*** Data records ***
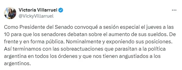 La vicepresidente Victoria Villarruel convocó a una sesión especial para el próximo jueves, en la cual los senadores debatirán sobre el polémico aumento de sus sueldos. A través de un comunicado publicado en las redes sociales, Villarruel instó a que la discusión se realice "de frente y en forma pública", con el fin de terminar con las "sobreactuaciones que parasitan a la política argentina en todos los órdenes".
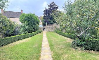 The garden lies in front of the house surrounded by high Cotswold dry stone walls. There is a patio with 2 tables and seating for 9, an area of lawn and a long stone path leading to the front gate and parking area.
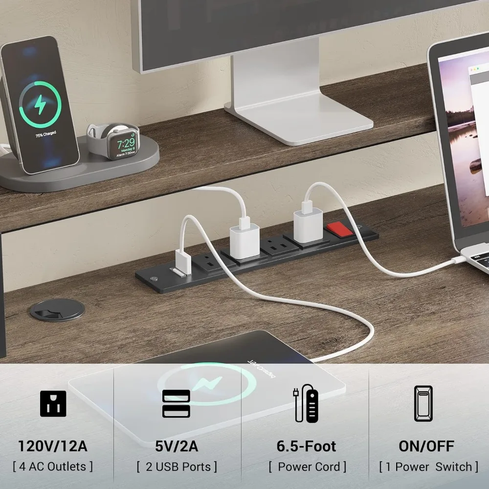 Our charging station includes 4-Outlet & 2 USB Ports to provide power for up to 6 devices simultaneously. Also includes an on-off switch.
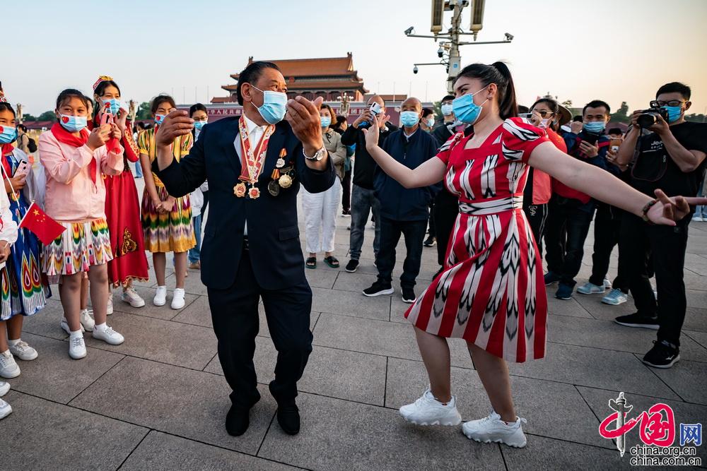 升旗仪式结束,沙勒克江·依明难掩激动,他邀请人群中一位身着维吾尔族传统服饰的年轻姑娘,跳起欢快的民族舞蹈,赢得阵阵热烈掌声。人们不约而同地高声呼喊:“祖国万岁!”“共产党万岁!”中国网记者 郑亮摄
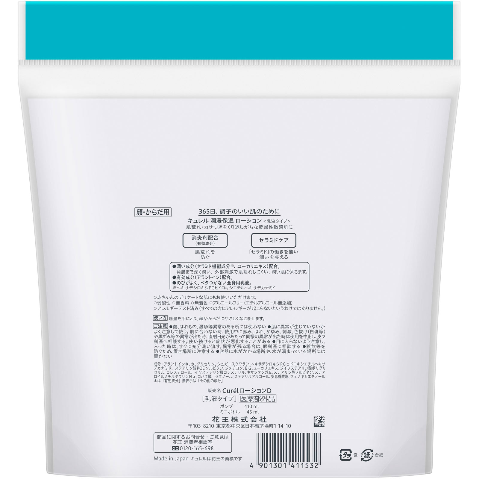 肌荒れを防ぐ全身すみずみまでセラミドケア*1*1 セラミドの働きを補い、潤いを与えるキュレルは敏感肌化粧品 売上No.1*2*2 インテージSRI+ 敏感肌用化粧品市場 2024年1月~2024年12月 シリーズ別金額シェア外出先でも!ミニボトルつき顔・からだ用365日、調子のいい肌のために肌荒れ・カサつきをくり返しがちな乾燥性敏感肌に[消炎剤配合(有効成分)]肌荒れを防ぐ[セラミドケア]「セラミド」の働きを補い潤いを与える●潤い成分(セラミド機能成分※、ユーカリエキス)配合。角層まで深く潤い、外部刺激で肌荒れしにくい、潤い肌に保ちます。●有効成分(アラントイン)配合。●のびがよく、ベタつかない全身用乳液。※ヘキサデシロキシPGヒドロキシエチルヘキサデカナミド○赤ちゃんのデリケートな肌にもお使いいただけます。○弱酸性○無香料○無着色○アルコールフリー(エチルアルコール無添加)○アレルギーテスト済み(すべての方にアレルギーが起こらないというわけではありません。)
*** End of Data records ***
*** Data records ***
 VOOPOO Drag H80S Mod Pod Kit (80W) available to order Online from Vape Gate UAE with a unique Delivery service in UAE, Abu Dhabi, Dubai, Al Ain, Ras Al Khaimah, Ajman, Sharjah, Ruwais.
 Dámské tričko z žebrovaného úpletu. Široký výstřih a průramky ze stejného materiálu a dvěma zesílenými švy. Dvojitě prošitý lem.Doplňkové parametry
*** End of Data records ***
• _What is needed_
What to print is the stretch of entries from the line with "升旗仪式结束,沙勒克江·依明" up to and including the line with "肌荒れを防ぐ全身すみずみまでセラミドケア*1*1 セラミドの働きを補い、潤いを与えるキュレルは敏感肌化粧品 売上No.1*2*2". Please print it exactly and leave out the pictures.

• _Result below_
 升旗仪式结束,沙勒克江·依明难掩激动,他邀请人群中一位身着维吾尔族传统服饰的年轻姑娘,跳起欢快的民族舞蹈,赢得阵阵热烈掌声。人们不约而同地高声呼喊:“祖国万岁!”“共产党万岁!”中国网记者 郑亮摄
 肌荒れを防ぐ全身すみずみまでセラミドケア*1*1 セラミドの働きを補い、潤いを与えるキュレルは敏感肌化粧品 売上No.1*2*2 インテージSRI+ 敏感肌用化粧品市場 2024年1月~2024年12月 シリーズ別金額シェア外出先でも!ミニボトルつき顔・からだ用365日、調子のいい肌のために肌荒れ・カサつきをくり返しがちな乾燥性敏感肌に[消炎剤配合(有効成分)]肌荒れを防ぐ[セラミドケア]「セラミド」の働きを補い潤いを与える●潤い成分(セラミド機能成分※、ユーカリエキス)配合。角層まで深く潤い、外部刺激で肌荒れしにくい、潤い肌に保ちます。●有効成分(アラントイン)配合。●のびがよく、ベタつかない全身用乳液。※ヘキサデシロキシPGヒドロキシエチルヘキサデカナミド○赤ちゃんのデリケートな肌にもお使いいただけます。○弱酸性○無香料○無着色○アルコールフリー(エチルアルコール無添加)○アレルギーテスト済み(すべての方にアレルギーが起こらないというわけではありません。)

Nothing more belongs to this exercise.